WHAT YOU WILL DO ▸ From the entries below, reproduce exactly the lines from the one with "In this example, we" through the one with "Íbúð 304: Rúmgóð", both included, without images.
┌─ AVAILABLE RECORDS
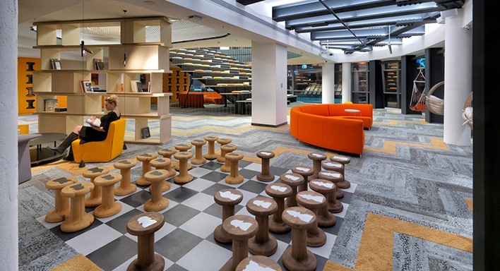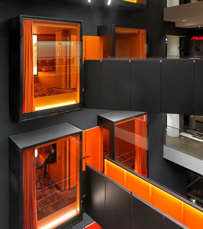 Kullanıcıları, girişte uçan köprülerin olduğu ve beş kat yüksekliğindeki bir galeri boşluğu karşılar. Buradaki köprülerin her birinin benzersiz bir adı ve tema rengi vardır. Bu köprüler katları uyku odaları ile bağlarlar. Uyku odaları da tema renklerine ve isimlerine uygun olup, her biri 8 m² alana sahiptir. Bu uyku odaları bina içinde kendi kendini yenileyen alanlar olarak çalışırlar.
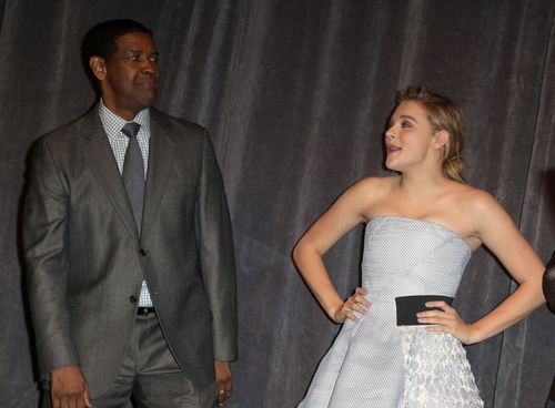 Хлоя Морец, Хейли Беннетт и Дензел Вашингтон представили в Торонто свою новую картину "Праведник".
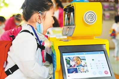 5月13日,安徽蕪湖市繁昌縣城關幼兒園,孩子入園前通過晨檢機器人測量體溫、給雙手消毒。至此,該幼兒園正式開啟了大、中、小班開學復課。楊華攝(人民視覺)
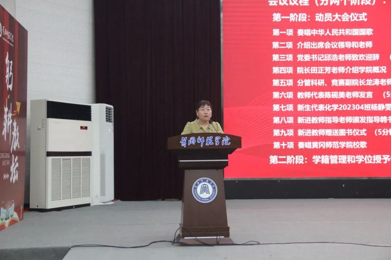 随后,2023年校“十佳师德标兵”、教师代表陈砚美作新生寄语;新生代表杨静雯同学进行发言。
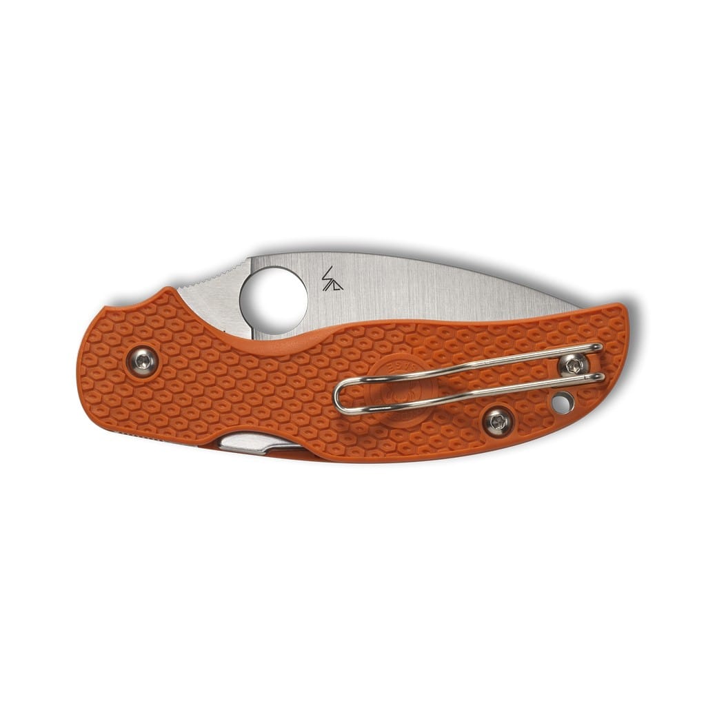 Seria Sage przedstawia trzydziestoletnie osiągnięcia firmy Spyderco w zakresie pionierskich i innowacyjnych sposobów produkcji noży. Piąta generacja to wersja posiadająca opatentowany mechanizm blokujący Compression Lock, który pewnie utrzymuje ostrze, gdy jest w użyciu oraz pozwala szybko i bezpiecznie zamknąć folder. Klingę o profilu Leaf Shaped wykonano z amerykańskiej stali narzędziowej klasy premium CPM REX 121 produkowanej przez Crucible Industries. Charakteryzuje się ekstremalną twardością i doskonałym trzymaniem ostrości. Zawiera w składzie ponad trzy procent węgla i duże ilości wolframu, molibdenu, wanadu i kobaltu. Wykończenie głowni metodą Satin pozostawia drobne ryski lekko matujące powierzchnię, co daje efekt niedokładnego wypolerowania. Ostrze posiada perfekcyjnie umiejscowiony okrągły otwór do szybkiego rozkładania narzędzia jedną ręką. Karbowany grzbiet klingi daje stabilne podparcie dla kciuka świetnie stabilizując palec i ułatwiając precyzyjne cięcie. Niewielka waga konstrukcji to zasługa przede wszystkim rękojeści zrobionej z nylonu wzmocnionego włóknem szklanym w pomarańczowym kolorze. Jej dwukierunkowa tekstura o antypoślizgowych właściwościach gwarantuje pewny chwyt i dobrą przyczepność do dłoni użytkownika. Na zakończeniu umieszczono otwór umożliwiający przełożenie breloka ozdobnego lub paracordu. Całość dopełnia dwupozycyjny klips mocujący o drucianej budowie, do wygodnego przenoszenia foldera w kieszeni spodni lub przy wyposażeniu. Model Sage 5 oferuje wydajności na najwyższym poziomie i niezawodności w każdych warunkach. Stanowi nie lada gratkę dla kolekcjonerów i wszystkich fanów marki Spyderco.
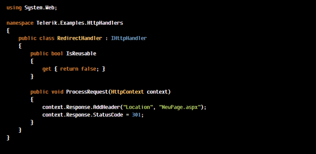 In this example, we will create a class called RedirectHandler. We'll set the IsReusable property to false and add code in the ProcessRequest method to set the status code of the Response object and to add to it a header which will contain the location of the moved resource.
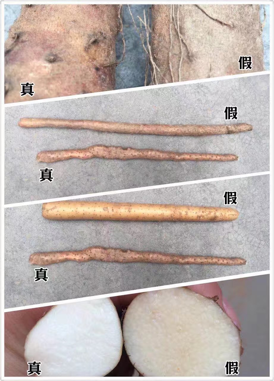 颜色非常白,通常是采用熏过硫的山药磨制而成,硫磺熏过的山药晾晒干后会增白。长期使用危害人体健康
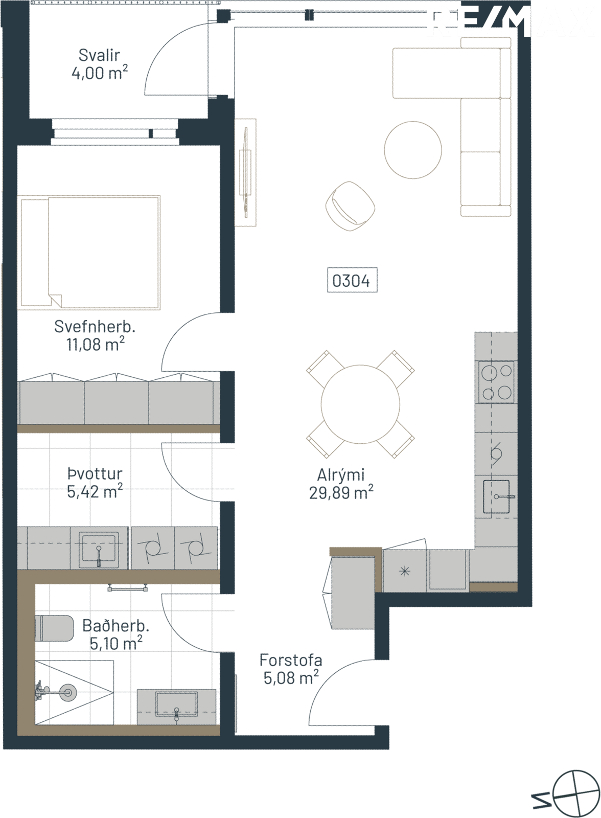 Íbúð 304: Rúmgóð og björt tveggja herbergja,
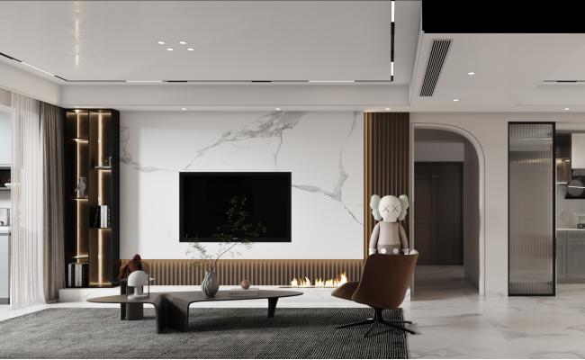 打通客餐廚界限,拓寬視覺尺度。以淺灰為主色調(diào),搭配原木飾面與金屬細(xì)邊,弱化硬裝棱角。 定制嵌入式收納系統(tǒng)化解小戶型儲(chǔ)物難題,軟裝選用低飽和色塊點(diǎn)綴,兼顧美學(xué)與實(shí)用性,打造簡(jiǎn)約舒適的現(xiàn)代宜居空間。
└─
RESULT FOR THIS TASK ▸
 In this example, we will create a class called RedirectHandler. We'll set the IsReusable property to false and add code in the ProcessRequest method to set the status code of the Response object and to add to it a header which will contain the location of the moved resource.
 颜色非常白,通常是采用熏过硫的山药磨制而成,硫磺熏过的山药晾晒干后会增白。长期使用危害人体健康
 Íbúð 304: Rúmgóð og björt tveggja herbergja,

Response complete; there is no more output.